There are lots of setups with programs that can collect email in testing environments. Some of them require you to install perl, nodejs, ruby, ... or require you do do a sophisticated setup with your mailserver.
But there is a little program called mailhog that is just a standalone statically linked binary that has no dependencies.
That makes it very easy to use.
Just download the latest release and put it into your /usr/local/bin:
wget -O /usr/local/bin/mailhog https://github.com/mailhog/MailHog/releases/download/v1.0.0/MailHog_linux_amd64
chmod +x /usr/local/bin/mailhog
You can just start the program by running /usr/local/bin/mailhog.
The SMTP will be available on port 1025 and the web UI on port 8025.
We want mailhog to start with system boot and restart when it would
crash.
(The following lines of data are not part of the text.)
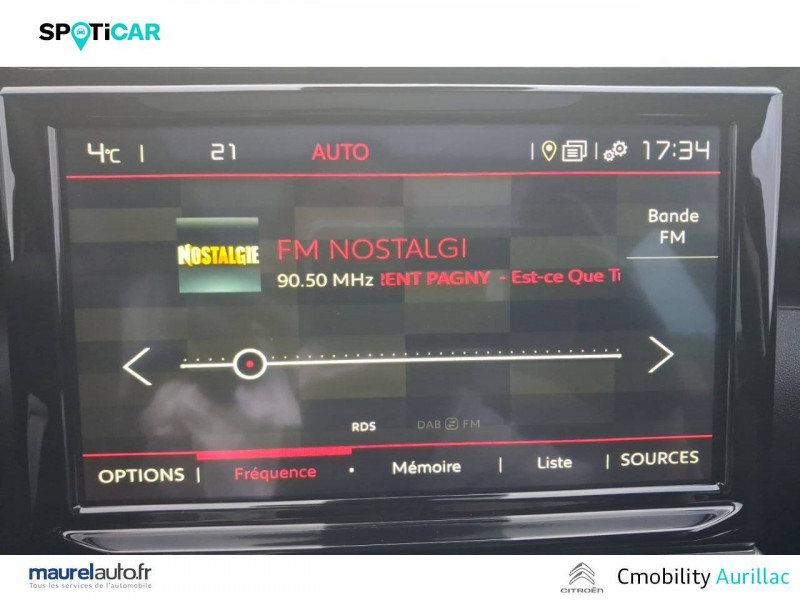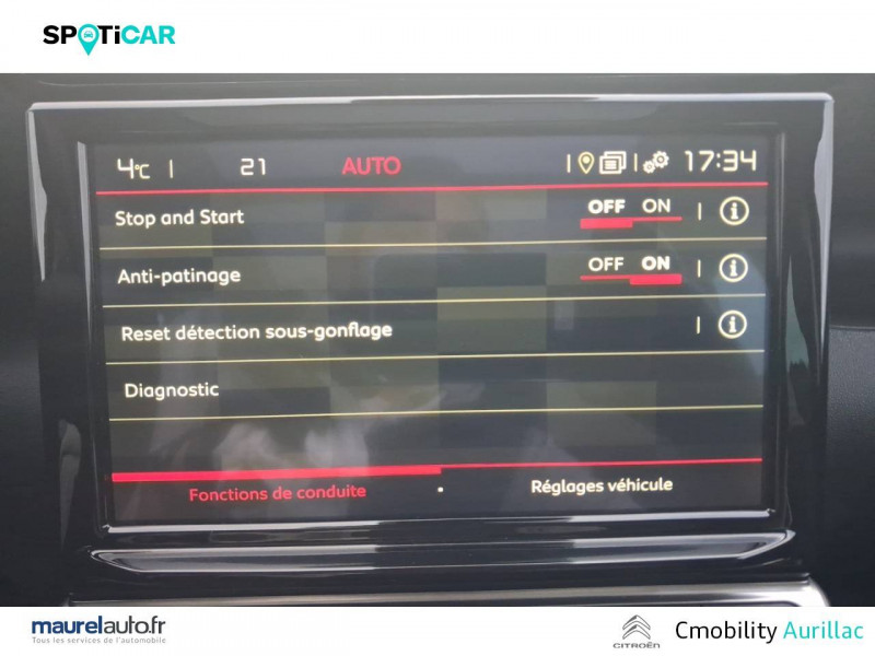 ABS avec REF, AFU et ESP / Accès et démarrage mains libres / Accoudoir central réglable sur siège conducteur / Active Safety Brake / Alerte Risque Collision / Allumage automatique des feux de détresse en cas de forte décélération / Bandeau de planche de bord gainé Brasilia Grey chiné / Barres de toit Noir Brillant / Citroën Connect Box avec Pack SOS et assistance inclus / Citroën Connect Nav sur tablette tactile 9'': comprend le système de navigation TomTom, la reconnaissance vocale et durant 3 ans les services Connect Nav (inclut les services « Zones de danger », « Info Trafic », « Stations-service », « Parkings », « Météo » et « Recherche locale »). / Clignotants impulsionnels / Console centrale noir brillant et rangement fermé / Décors extérieurs Noir Brillant / Détection de sous-gonflage / Eclairage à LED en bas de façade centrale / Elargisseurs d'ailes et bas de caisse Noir Mat / Enjoliveurs de projecteurs Noir Brillant / Fixations ISOFIX avec troisième point d'ancrage et marquage sur sièges passager AR / Frein à main avec insert chrome / Garnissage tissu effet cuir Mistral Black/Tissu Brasilia Graphite Chiné- Ambiance Metropolitan Graphite + sièges Advanced Comfort / Insert Noir Brillant dans la plaque de protection avant Gris / Jantes alliage 17" ORIGAMI Diamantées / Kit de dépannage provisoire de pneumatiques / Mirror Screen / Mise en tablette du siège passager AV / My Citroën Play : Citroën Connect Radio sur tablette tactile 7'' / Navigation 3D sur tablette tactile 8" / Pack Auto / Pack City Camera Plus / Pack Color Shiny Black / Pack Safety - Active Safety Brake - Alerte active de Franchissement Involontaire de Ligne - Alerte Attention Conducteur - Alerte Risque Collision - Coffee Break Alert - Reconnaissance des panneaux de vitesse et recommandation - Régulateur-limiteur de vitesse - Témoin de non-bouclage des ceintures de sécurité conducteur et passagers / Pieds de retroviseurs teintés masse / Plafonnier AV à lampes avec lecteurs de cartes / Plancher de coffre escamotable / Poignées de portes extérieures couleur caisse / Prise 12 V à l'AR de console centrale / Prise 12 V en AV de console centrale / Projecteurs antibrouillard LED avec éclairage statique d'intersection / Rehausse de siège conducteur / Rétroviseur intérieur électrochrome / Sabots de protection AV et AR Gris Anthra / Sécurité enfants mécanique / Système audio numérique (DAB) MP3 6 HP / Toit Noir Perla Nera / Vitrages AR surteintés sauf vitres de custode avec animation Chrome / Vitres et lunette AR surteintées - Chrome in glass
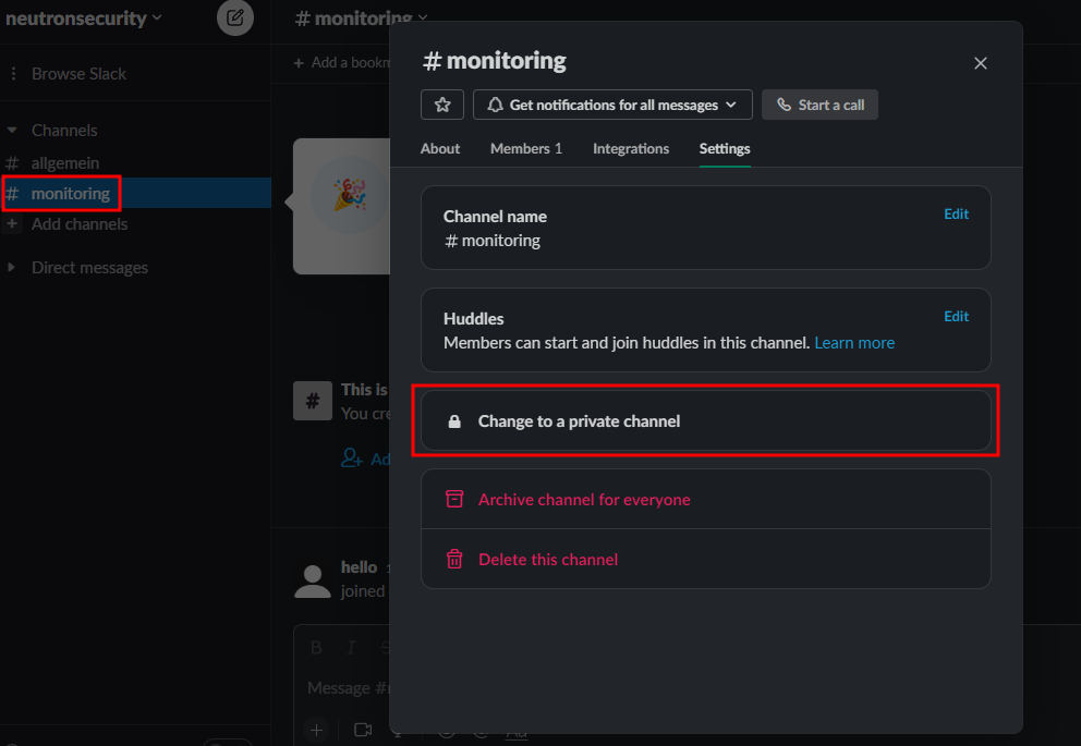 Since this is a channel for Monitoring purposes, which might contain sensitive information, we might want to switch this channel to private. For this, right click on 'Monitoring' - 'View channel details' - and click on 'Change to a private channel'.
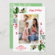 Cadre unique de fêtes d'hiver à l'aquarelle avec verdure, baies, photo de votre famille, calligraphie élégante. Utilisez l'outil Personnaliser pour ajouter vos informations et changer la photo. Plus d'options dans ma collection de photos de Noël.

You can do that sort of stuff with systemd. Create a file named /lib/systemd/system/mailhog.service
with this in it:
[Unit]
Description=Mailhog SMTP
[Service]
User=mailhog
Group=mailhog
WorkingDirectory=/home/mailhog
Restart=always
ExecStart=/usr/local/bin/mailhog -api-bind-addr 127.0.0.1:8025 -ui-bind-addr 127.0.0.1:8025 -smtp-bind-addr 127.0.0.1:1025
[Install]
WantedBy=multi-user.target
Create the user mailhog with group mailhog and home directory /home/mailhog
first, or leave it out and mailhog will run as root. Running stuff
as root is a bad idea, especially if it is something that listens on the network.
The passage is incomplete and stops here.